» **Exercise prompt**:
Below are entries; output exactly the lines from the one with "ヌテラがたっぷり塗られたもちもちのクレープにバナナが寝転んでいます。" to the one with "2019年,博蓝特主营业务收", both included, and nothing else.

» **Exercise material**:
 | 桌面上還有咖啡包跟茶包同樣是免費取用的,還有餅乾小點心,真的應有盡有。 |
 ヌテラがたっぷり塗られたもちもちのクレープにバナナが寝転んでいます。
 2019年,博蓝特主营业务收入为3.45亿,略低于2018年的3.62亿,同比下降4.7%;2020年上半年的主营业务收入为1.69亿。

...

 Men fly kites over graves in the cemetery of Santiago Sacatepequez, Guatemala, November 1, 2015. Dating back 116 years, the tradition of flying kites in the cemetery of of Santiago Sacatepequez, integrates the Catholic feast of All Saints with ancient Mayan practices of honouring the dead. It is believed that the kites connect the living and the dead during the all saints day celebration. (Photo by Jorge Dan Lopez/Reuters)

---

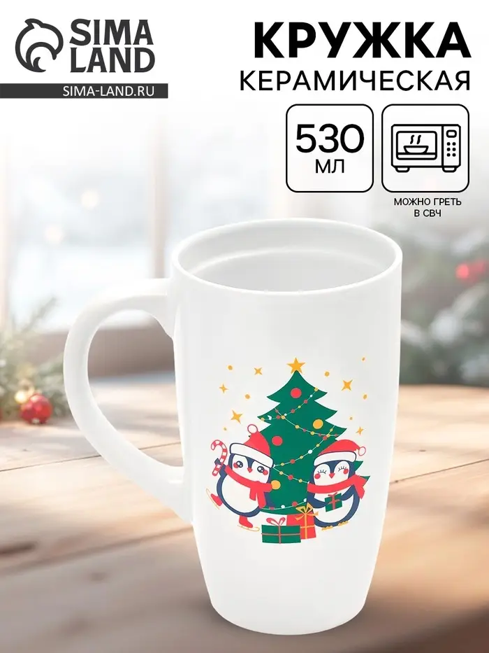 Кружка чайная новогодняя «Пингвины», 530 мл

» **Solution for this task**:
 ヌテラがたっぷり塗られたもちもちのクレープにバナナが寝転んでいます。
 2019年,博蓝特主营业务收入为3.45亿,略低于2018年的3.62亿,同比下降4.7%;2020年上半年的主营业务收入为1.69亿。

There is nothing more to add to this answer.